§ Task inputs
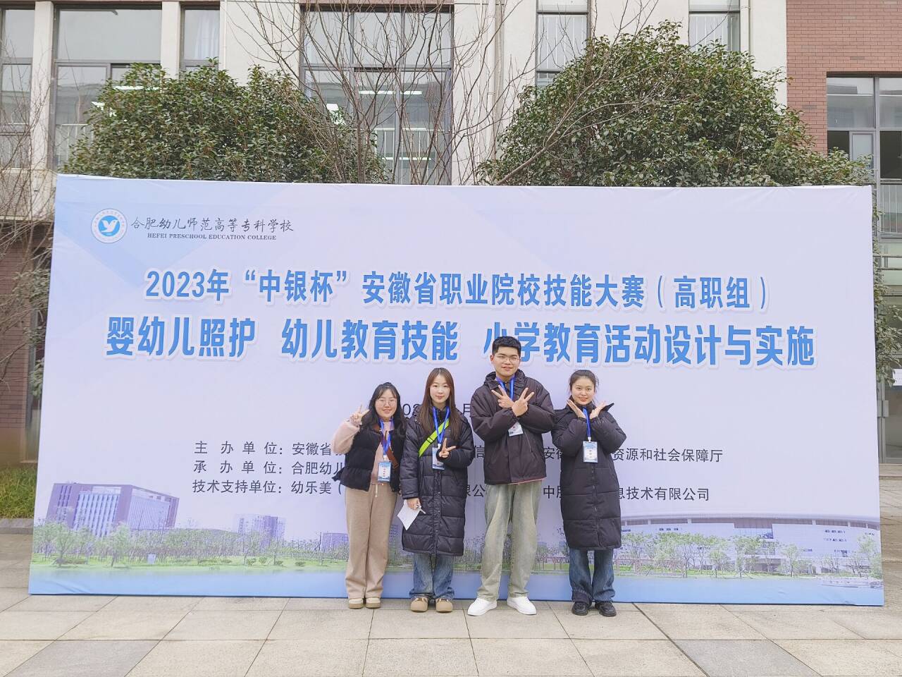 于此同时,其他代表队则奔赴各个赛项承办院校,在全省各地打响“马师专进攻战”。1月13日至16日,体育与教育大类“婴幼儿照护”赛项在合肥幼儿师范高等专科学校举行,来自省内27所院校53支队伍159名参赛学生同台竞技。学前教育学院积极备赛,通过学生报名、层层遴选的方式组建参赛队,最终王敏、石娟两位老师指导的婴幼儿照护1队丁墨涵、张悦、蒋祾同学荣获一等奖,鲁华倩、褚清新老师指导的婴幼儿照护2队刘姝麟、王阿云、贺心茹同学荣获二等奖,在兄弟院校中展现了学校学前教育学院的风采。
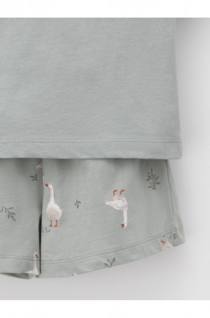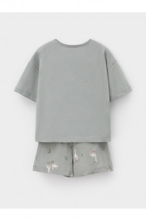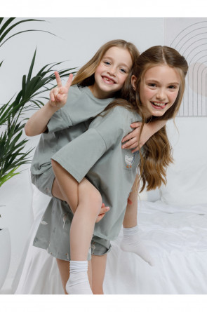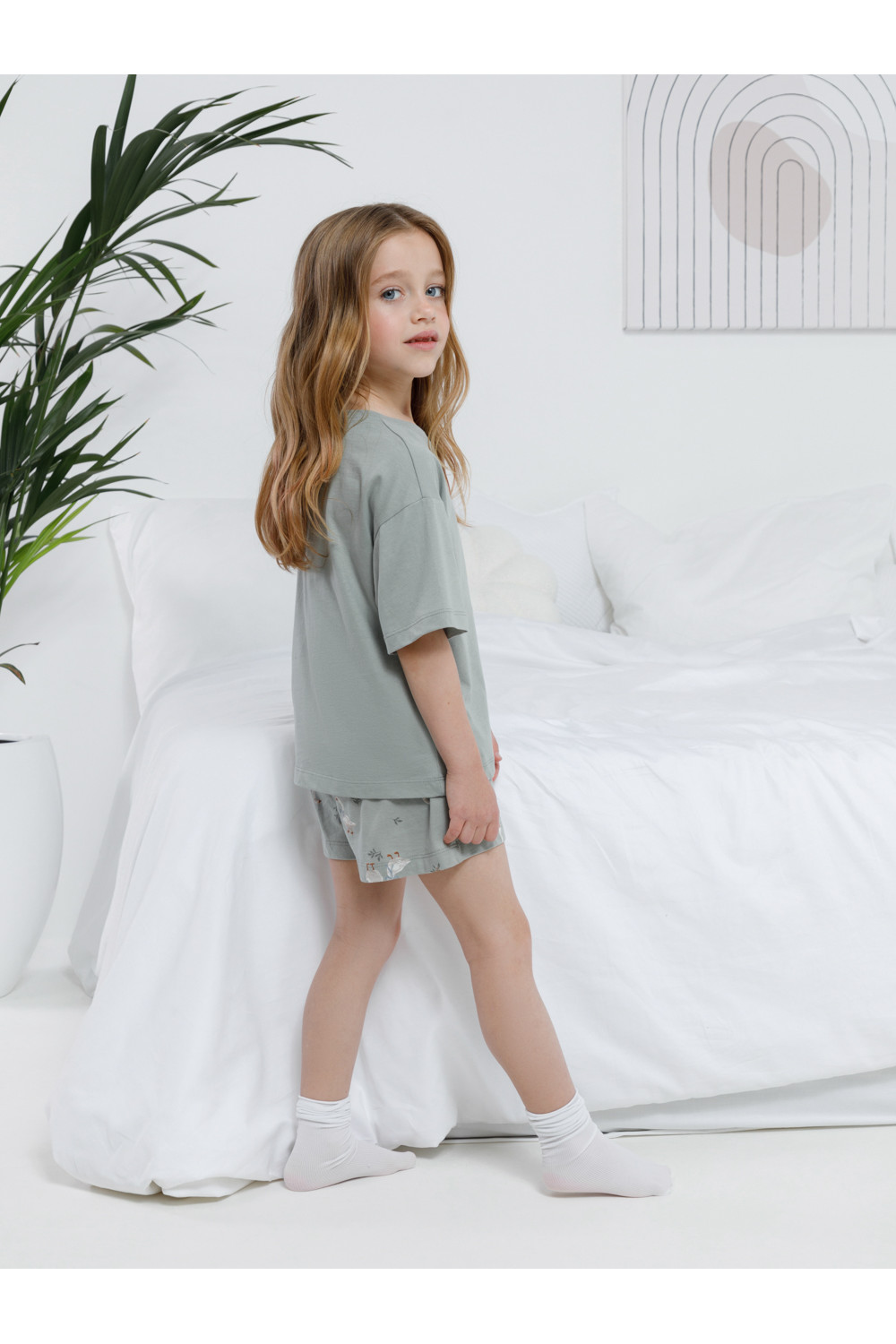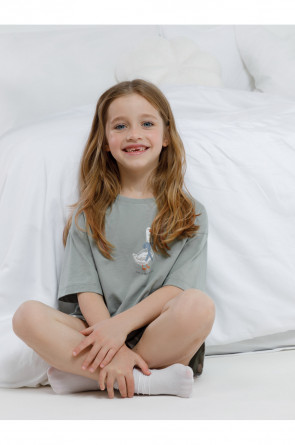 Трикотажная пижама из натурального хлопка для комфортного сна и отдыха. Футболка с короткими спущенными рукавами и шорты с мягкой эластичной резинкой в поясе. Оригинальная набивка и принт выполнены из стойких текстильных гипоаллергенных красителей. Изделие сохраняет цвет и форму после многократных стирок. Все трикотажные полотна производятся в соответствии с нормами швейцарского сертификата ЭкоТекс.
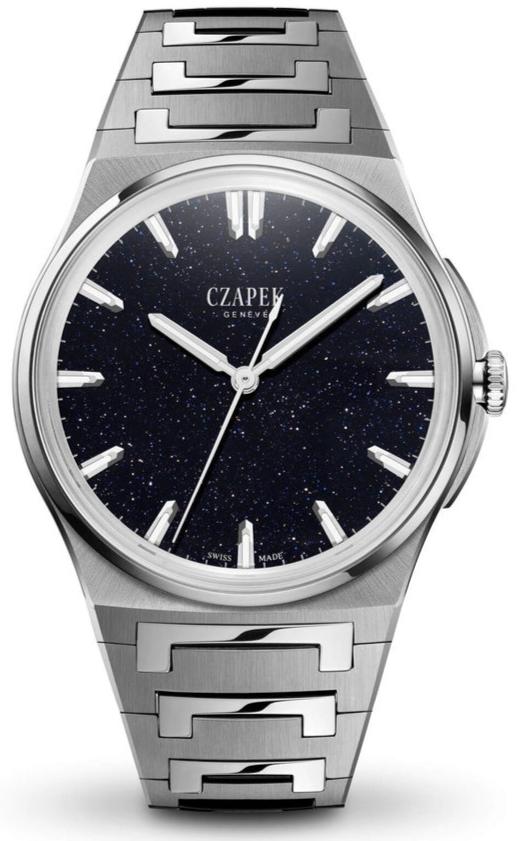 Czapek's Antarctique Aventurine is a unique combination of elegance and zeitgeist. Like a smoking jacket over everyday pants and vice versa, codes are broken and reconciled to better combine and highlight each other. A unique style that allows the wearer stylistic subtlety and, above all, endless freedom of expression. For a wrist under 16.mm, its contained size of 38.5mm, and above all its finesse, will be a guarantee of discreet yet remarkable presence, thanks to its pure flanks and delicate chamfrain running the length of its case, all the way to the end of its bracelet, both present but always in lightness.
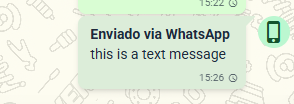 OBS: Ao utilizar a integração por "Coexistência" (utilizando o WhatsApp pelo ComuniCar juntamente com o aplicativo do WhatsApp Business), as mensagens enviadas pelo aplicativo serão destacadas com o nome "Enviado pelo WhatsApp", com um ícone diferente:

...

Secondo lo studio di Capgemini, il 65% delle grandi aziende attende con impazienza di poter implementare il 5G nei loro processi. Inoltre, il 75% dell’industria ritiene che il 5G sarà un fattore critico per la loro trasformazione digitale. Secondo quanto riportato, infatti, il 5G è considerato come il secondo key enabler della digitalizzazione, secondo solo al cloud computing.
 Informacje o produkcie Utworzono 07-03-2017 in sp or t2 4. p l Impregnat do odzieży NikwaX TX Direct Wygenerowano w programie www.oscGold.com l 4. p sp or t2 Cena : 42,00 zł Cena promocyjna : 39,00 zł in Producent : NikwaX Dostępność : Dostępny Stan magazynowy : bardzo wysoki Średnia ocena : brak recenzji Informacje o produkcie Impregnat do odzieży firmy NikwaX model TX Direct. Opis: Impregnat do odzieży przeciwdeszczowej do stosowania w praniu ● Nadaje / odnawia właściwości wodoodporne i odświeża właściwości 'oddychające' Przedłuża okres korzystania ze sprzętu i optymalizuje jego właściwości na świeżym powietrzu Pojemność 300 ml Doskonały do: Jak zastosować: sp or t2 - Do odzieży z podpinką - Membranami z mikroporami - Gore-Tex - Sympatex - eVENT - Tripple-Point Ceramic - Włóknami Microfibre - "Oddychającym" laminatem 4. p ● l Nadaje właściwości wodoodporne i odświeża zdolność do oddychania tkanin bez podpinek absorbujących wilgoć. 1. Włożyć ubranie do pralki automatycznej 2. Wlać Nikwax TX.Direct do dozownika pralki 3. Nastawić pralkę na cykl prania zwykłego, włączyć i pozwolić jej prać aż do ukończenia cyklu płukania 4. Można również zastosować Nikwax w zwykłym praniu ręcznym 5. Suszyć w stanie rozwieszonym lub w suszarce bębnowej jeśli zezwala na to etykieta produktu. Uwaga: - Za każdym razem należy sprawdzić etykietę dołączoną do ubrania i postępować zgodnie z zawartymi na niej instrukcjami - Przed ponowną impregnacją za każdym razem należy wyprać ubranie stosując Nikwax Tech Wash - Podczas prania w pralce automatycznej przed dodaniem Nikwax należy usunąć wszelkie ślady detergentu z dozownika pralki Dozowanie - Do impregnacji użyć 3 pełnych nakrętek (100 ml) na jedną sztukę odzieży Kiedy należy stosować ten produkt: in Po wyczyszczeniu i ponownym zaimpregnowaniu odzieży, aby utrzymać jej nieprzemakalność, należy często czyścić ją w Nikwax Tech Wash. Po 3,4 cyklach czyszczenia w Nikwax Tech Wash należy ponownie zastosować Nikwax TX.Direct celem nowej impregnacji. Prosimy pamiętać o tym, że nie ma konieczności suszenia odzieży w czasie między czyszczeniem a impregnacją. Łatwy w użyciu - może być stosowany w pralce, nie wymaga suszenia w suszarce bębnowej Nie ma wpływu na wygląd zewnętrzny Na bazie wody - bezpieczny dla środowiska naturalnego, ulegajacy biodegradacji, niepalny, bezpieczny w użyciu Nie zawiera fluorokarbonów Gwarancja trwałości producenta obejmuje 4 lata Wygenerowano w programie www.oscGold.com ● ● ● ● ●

==

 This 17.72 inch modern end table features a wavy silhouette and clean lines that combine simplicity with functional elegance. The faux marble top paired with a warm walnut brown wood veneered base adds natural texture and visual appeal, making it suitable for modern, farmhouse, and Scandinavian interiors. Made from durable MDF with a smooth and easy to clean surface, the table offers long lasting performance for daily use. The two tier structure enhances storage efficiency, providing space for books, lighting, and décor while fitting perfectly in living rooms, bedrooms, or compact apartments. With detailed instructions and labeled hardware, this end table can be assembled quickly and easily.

§ Task item
Everything between and including the line above containing "于此同时,其他代表队则奔赴各" and the line containing "Трикотажная пижама из" should be reproduced exactly, with pictures excluded.

§ Written reply
 于此同时,其他代表队则奔赴各个赛项承办院校,在全省各地打响“马师专进攻战”。1月13日至16日,体育与教育大类“婴幼儿照护”赛项在合肥幼儿师范高等专科学校举行,来自省内27所院校53支队伍159名参赛学生同台竞技。学前教育学院积极备赛,通过学生报名、层层遴选的方式组建参赛队,最终王敏、石娟两位老师指导的婴幼儿照护1队丁墨涵、张悦、蒋祾同学荣获一等奖,鲁华倩、褚清新老师指导的婴幼儿照护2队刘姝麟、王阿云、贺心茹同学荣获二等奖,在兄弟院校中展现了学校学前教育学院的风采。
 Трикотажная пижама из натурального хлопка для комфортного сна и отдыха. Футболка с короткими спущенными рукавами и шорты с мягкой эластичной резинкой в поясе. Оригинальная набивка и принт выполнены из стойких текстильных гипоаллергенных красителей. Изделие сохраняет цвет и форму после многократных стирок. Все трикотажные полотна производятся в соответствии с нормами швейцарского сертификата ЭкоТекс.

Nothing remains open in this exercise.